* Data below *
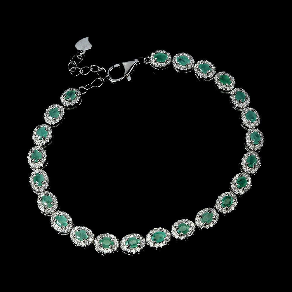 Oval Cut Emerald Bracelet in 14k White Gold-Plated 925 Sterling Silver – 7.5 inches long Appraised Replacement Value CAD 4,850
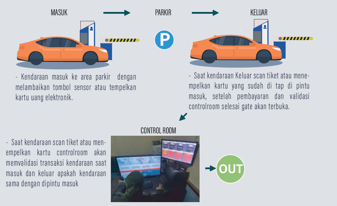 PRO adalah sebuah system parkir berbasis manless yang saat ini kami gunakan. System parkir ini telah di kembangkan sejak tahun 2006 dan sudah memiliki update pembaharuan dengan berbagai versi yang dapat disesuaikan dengan kebutuhan client.
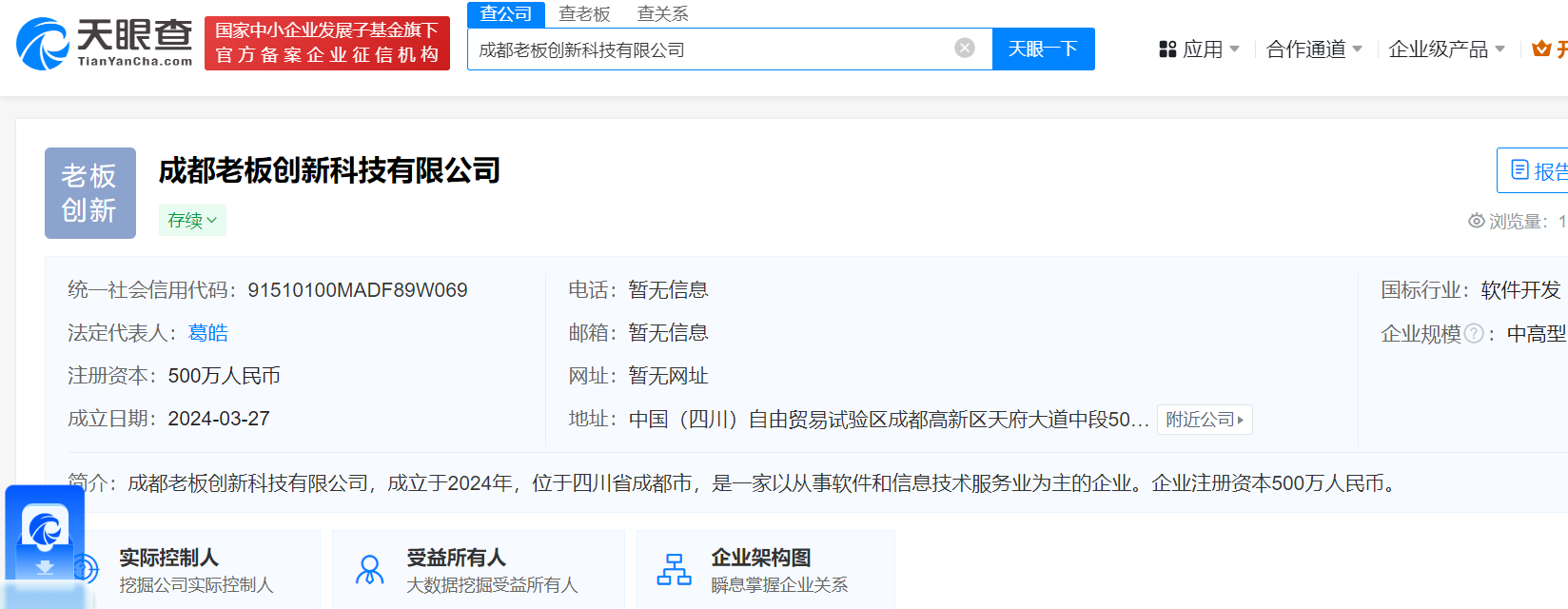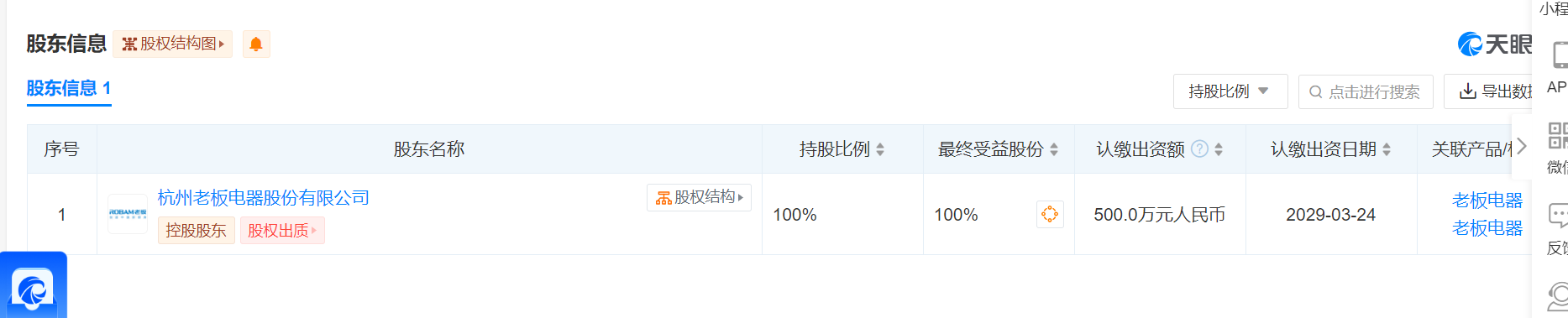 天眼查App显示,近日,成都老板创新科技有限公司成立,法定代表人为葛皓,注册资本500万人民币,经营范围含工业设计服务、人工智能应用软件开发、人工智能理论与算法软件开发、人工智能通用应用系统、互联网数据服务、家用电器研发、可穿戴智能设备销售等。股东信息显示,该公司由老板电器(002508)全资持股。
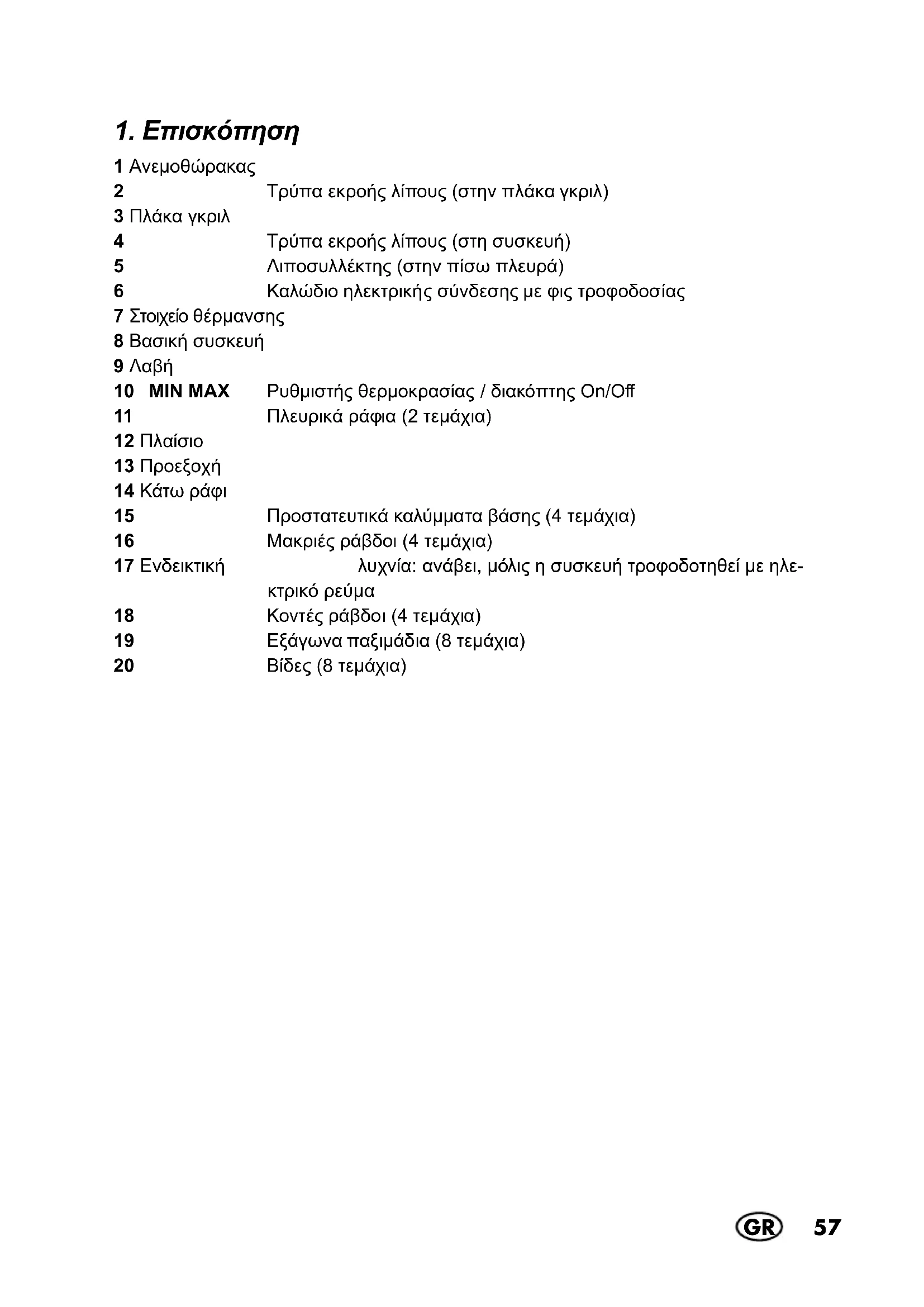 1 Ανεμοθώρακας 2 Τρύπα εκροής λίπους (στην πλάκα γκριλ) 3 Πλάκα γκριλ 4 Τρύπα εκροής λίπους (στη συσκευή) 5 Λιποσυλλέκτης (στην πίσω πλευρά) 6 Καλώδιο ηλεκτρικής σύνδεσης με φις τροφοδοσίας 7 Στοιχείο θέρμανσης 8 Βασική συσκευή 9 Λαβή 10 MIN MAX Ρυθμιστής θερμοκρασίας / διακόπτης On/Off 11 Πλευρικά ράφια (2 τεμάχια) 12 Πλαίσιο 13 Προεξοχή 14 Κάτω ράφι 15 Προστατευτικά καλύμματα βάσης (4 τεμάχια) 16 Μακριές ράβδοι (4 τεμάχια) 17 Ενδεικτική

* Problem *
Please write out only the material above, exactly, from its first line through the line that contains "PRO adalah sebuah", and include no pictures.

* Final answer *
 Oval Cut Emerald Bracelet in 14k White Gold-Plated 925 Sterling Silver – 7.5 inches long Appraised Replacement Value CAD 4,850
 PRO adalah sebuah system parkir berbasis manless yang saat ini kami gunakan. System parkir ini telah di kembangkan sejak tahun 2006 dan sudah memiliki update pembaharuan dengan berbagai versi yang dapat disesuaikan dengan kebutuhan client.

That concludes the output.